Lors d’une réunion du Conseil de sécurité des Nations unies tenue le lundi 20 juillet, différents acteurs de la communauté internationale ont exprimé leurs points de vue sur le dossier haïtien. À cette occasion, la ministre des Affaires étrangères et des Cultes, Raïna Forbin, a déclaré que des efforts importants sont en cours en matière de sécurité dans le pays, ainsi que pour la tenue des prochaines élections.
Il s’agissait d’une rencontre au cours de laquelle les acteurs de la communauté internationale ont largement insisté sur la situation sécuritaire et la question électorale en Haïti. Carlos Ruiz Massieu, chef du BINUH (Bureau intégré des Nations unies en Haïti), intervenant devant le Conseil de sécurité, a indiqué que la transition en Haïti se trouve à un moment décisif et qu’il est essentiel de saisir l’opportunité qui se présente sans perdre de temps. Dans ce sens, il a renouvelé l’engagement des Nations unies à continuer de soutenir les efforts des Haïtiens en faveur de la stabilité. Il a également insisté sur la nécessité de renforcer les capacités des acteurs et d’analyser des stratégies efficaces susceptibles de résoudre la crise. Selon lui, les interventions armées à elles seules ne suffiront pas.
« La sécurité demeure le défi le plus urgent pour Haïti, mais les opérations sécuritaires à elles seules ne suffiront pas à instaurer une paix durable. Il est également important d’adopter une approche plus large, qui renforce le système judiciaire, les institutions de l’État et les opportunités pour les communautés victimes de violences », a déclaré le chef du BINUH, rappelant que les gangs en Haïti comptent de nombreux enfants et qu’il est urgent de sauver cette génération à travers des efforts de stabilisation et de relèvement de la société.
De son côté, la ministre Raïna Forbin estime que des avancées significatives ont été réalisées en matière de sécurité dans le pays. « Des progrès réels sont enregistrés sur le terrain. Nous sommes plus près que nous ne l’avons été depuis plusieurs années afin de rétablir la sécurité et d’organiser des élections libres, crédibles, inclusives et participatives. Ce n’est pas le moment de reculer, c’est le moment pour la communauté internationale de se tenir résolument aux côtés du peuple haïtien », a déclaré la titulaire du MAEC.
Dans cette optique, elle a plaidé pour que les acteurs renforcent l’appui de la communauté internationale afin de consolider les efforts déjà entrepris et travailler à l’établissement d’une paix durable dans le pays.
Plus loin, elle a mis en avant le travail des forces de l’ordre, appuyées par les Forces de Répression des Gangs (FRG), dans la lutte visant à rétablir la sécurité dans le pays. Elle a également souligné la volonté du gouvernement de renforcer les institutions, de permettre un retour à l’ordre constitutionnel, de mettre en place plusieurs réformes dans le domaine de la sécurité, de consolider les institutions publiques et d’améliorer les conditions de vie de la population.
S’agissant du processus électoral, la ministre a déclaré qu’il progresse à un niveau inédit au cours des dix dernières années.

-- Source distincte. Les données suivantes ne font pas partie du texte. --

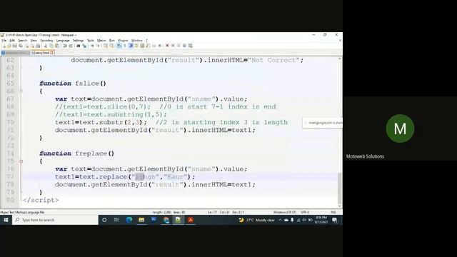 String function toUpperCase(), toLowerCase(), slice(), substr(), substring(), charCodeAt(), replace() #motoweb solutions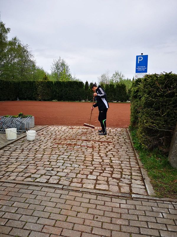 Auf unserem Außengelände wurde unser kombinierter Park- und Volleyballplatz grundhaft auf Vordermann gebracht. Mit einer Spezialmaschine der Gemeinde Ellefeld wurde der Tennenbelag aufgelockert, das Unkraut aufgesammelt und der Platz neu geglättet! Nun sieht er wieder aus wie "NEU" gebaut.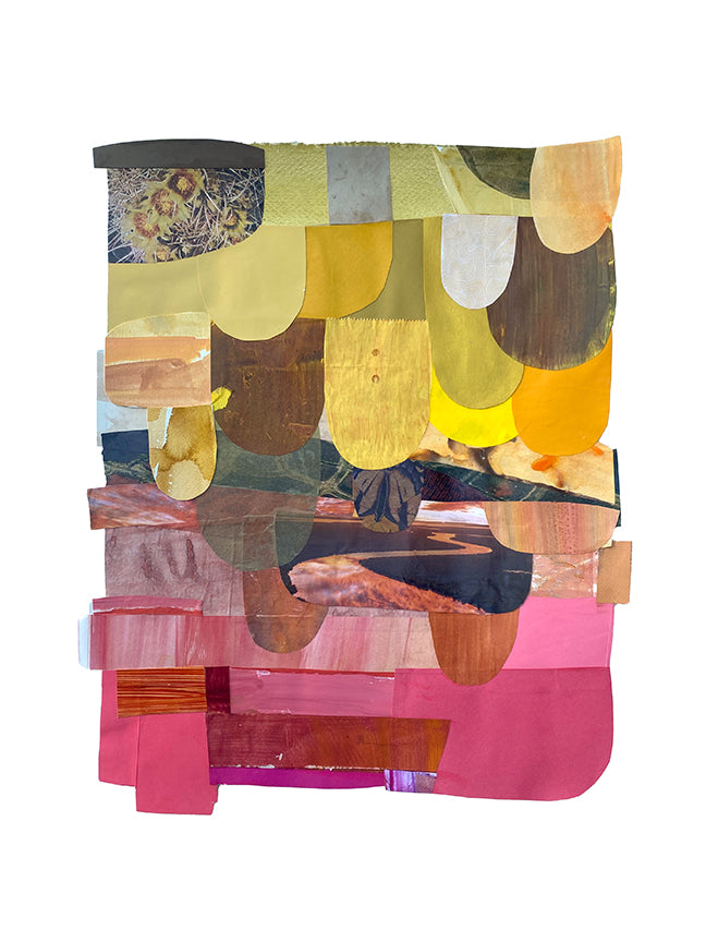 Ms. Sillen’s work features landscape-inspired torn paper arrangements. It explores themes of abstraction, space, light, color, texture, and improvisation. She gathers paper from discarded mail, books, and magazines. Her process begins with painting the papers and then exploring color through cutting and manipulation, evolving through intuition and experimentation. “I have always sought wonders in everyday life and nature; remaining open, accepting, and recognizing potential in objects (and people) that others might overlook,” says Ms. Sillen.
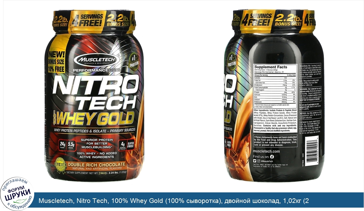 Друзья, если у вас есть отзыв/дополнение/комментарий/вопрос относительно Muscletech, Nitro Tech, 100% Whey Gold (100% сыворотка), двойной шоколад, 1,02кг (2,24фунта) - напишите его ответом в эту тему (это будет полезно всему сообществу в целом и вам в отдельности).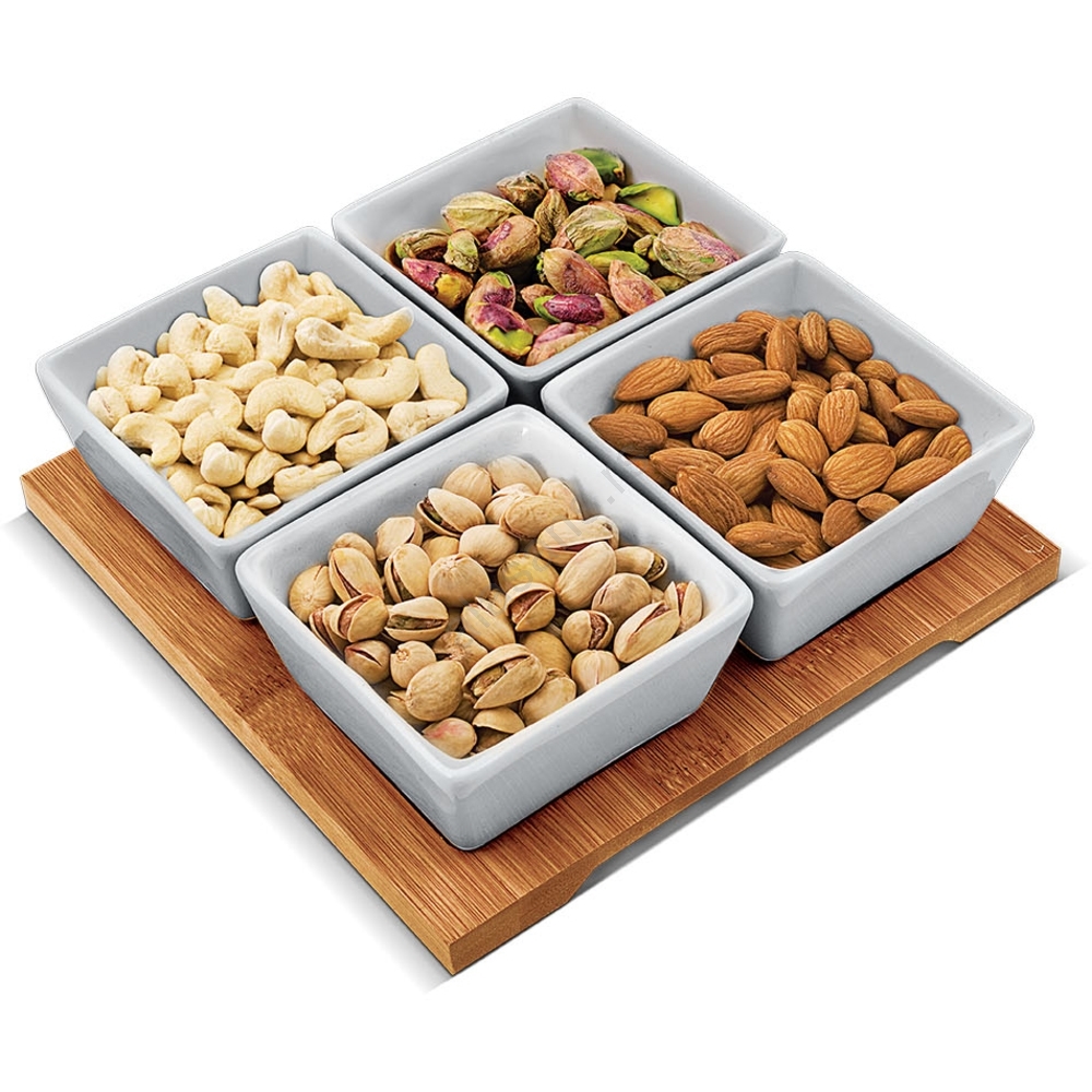 • Set sadrži 4 porcelanske činije i drveni pladanj.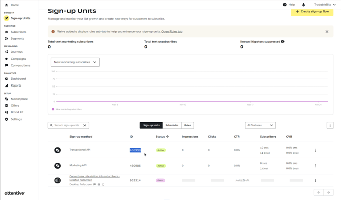 Before you begin, you will need access to both your Attentive and Tradable Bits accounts. Complete the Attentive side of the set up process first before finishing off with the Tradable Bits side of things.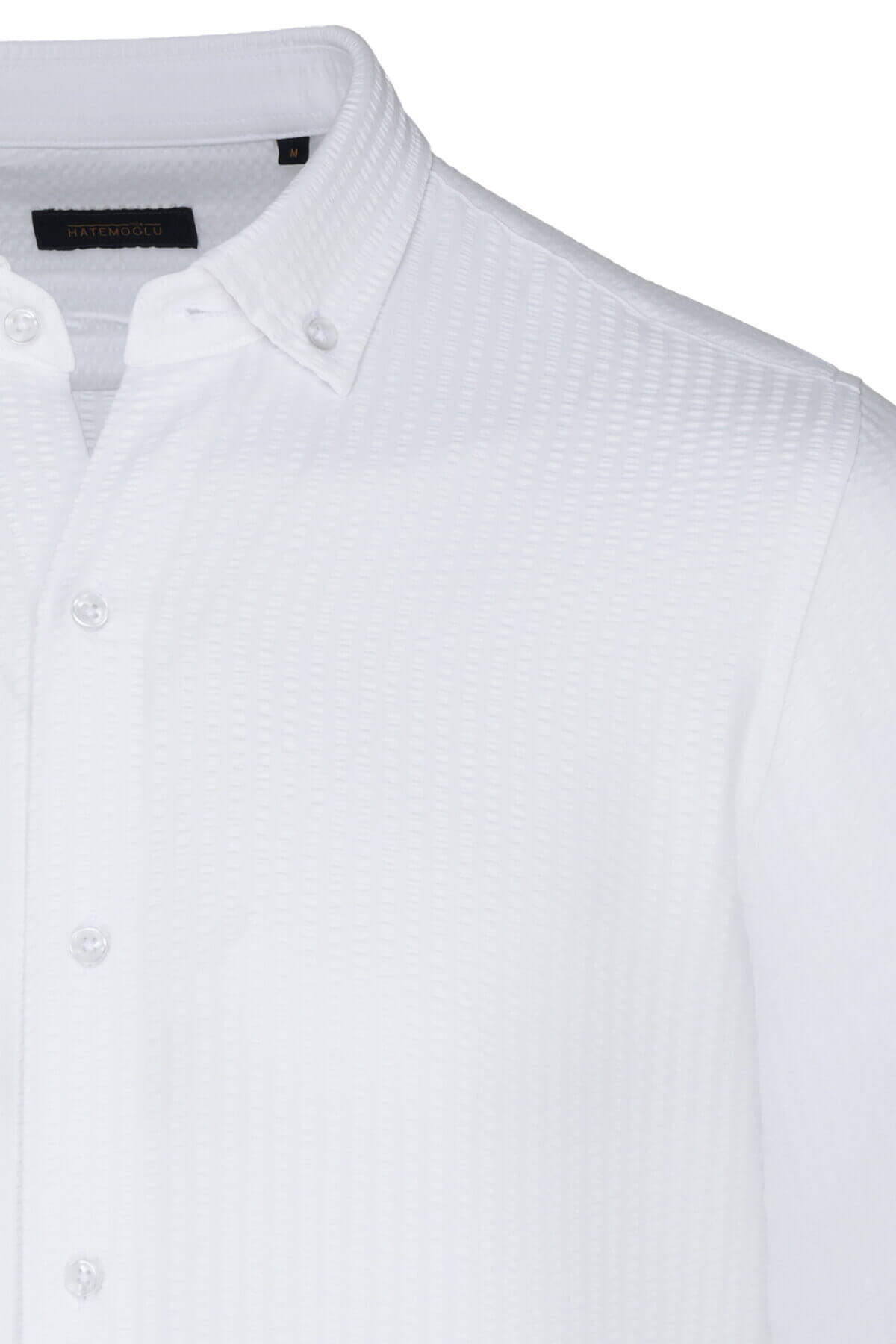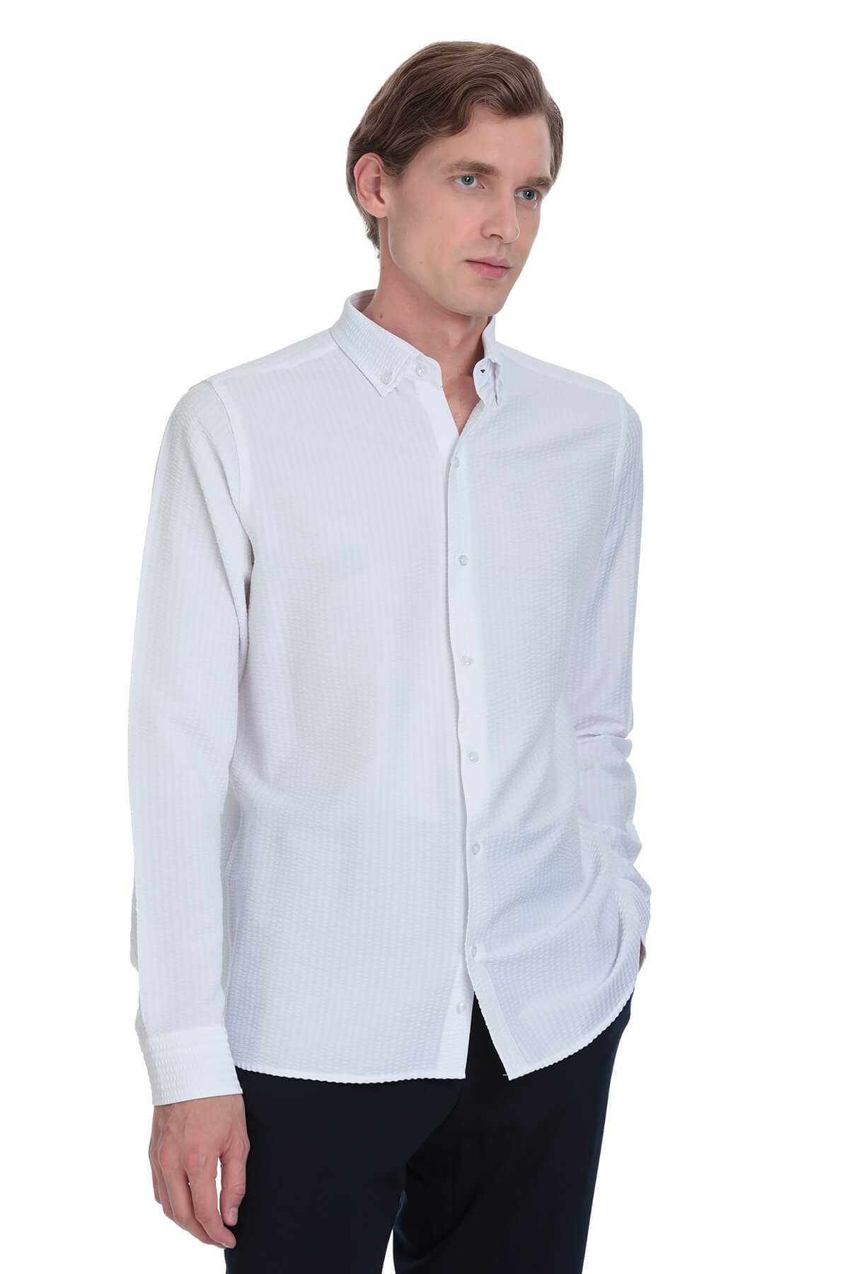 Beyaz Comfort Fit Düğmeli Yaka Gömlek, modern erkeğin hem iş hem de günlük hayatında rahatlıkla tercih edebileceği, zamansız bir şıklık sunar. Viskonun yumuşak dokusu, polyesterin dayanıklılığı ve elastanın esnekliğiyle birleşen özel kumaşı (%62 Viskon, %36 Polyester, %2 Elastan) sayesinde, gün boyu süren konforlu bir kullanım sağlar. Düz deseni ve zarif düğmeli yaka detayları, bu gömleği gardırobunuzun vazgeçilmez bir parçası haline getirir.

Plusieurs étapes ont déjà été franchies par le gouvernement, notamment la publication du décret, tandis que les phases restantes relèvent du Conseil électoral provisoire (CEP), qui devrait publier le calendrier officiel dans les jours à venir. « Le processus d’inscription des partis politiques est finalisé, l’enregistrement des électeurs est lancé, le processus électoral est opérationnel et plus que jamais le gouvernement haïtien est convaincu que la seule voie d’avenir pour Haïti passe par la sécurité, la stabilité et les élections », a-t-elle affirmé.
Devant le Conseil, la ministre a clairement indiqué que les élections attendues doivent renforcer la confiance, conférer de la légitimité et ouvrir la voie à une paix et une stabilité durables, conformément aux attentes de la majorité de la population. Elle a précisé que sept départements du pays sont prêts à accueillir des élections sans incidents majeurs, tout en soulignant que, pour les trois autres départements, le déploiement des forces de répression demeure essentiel.
Enfin, elle a affirmé que la sécurité constitue un élément sine qua non pour garantir des élections démocratiques crédibles, assurant que le gouvernement est mobilisé et prêt à accompagner les forces de l’ordre afin de reprendre le contrôle des territoires sous l’emprise des gangs.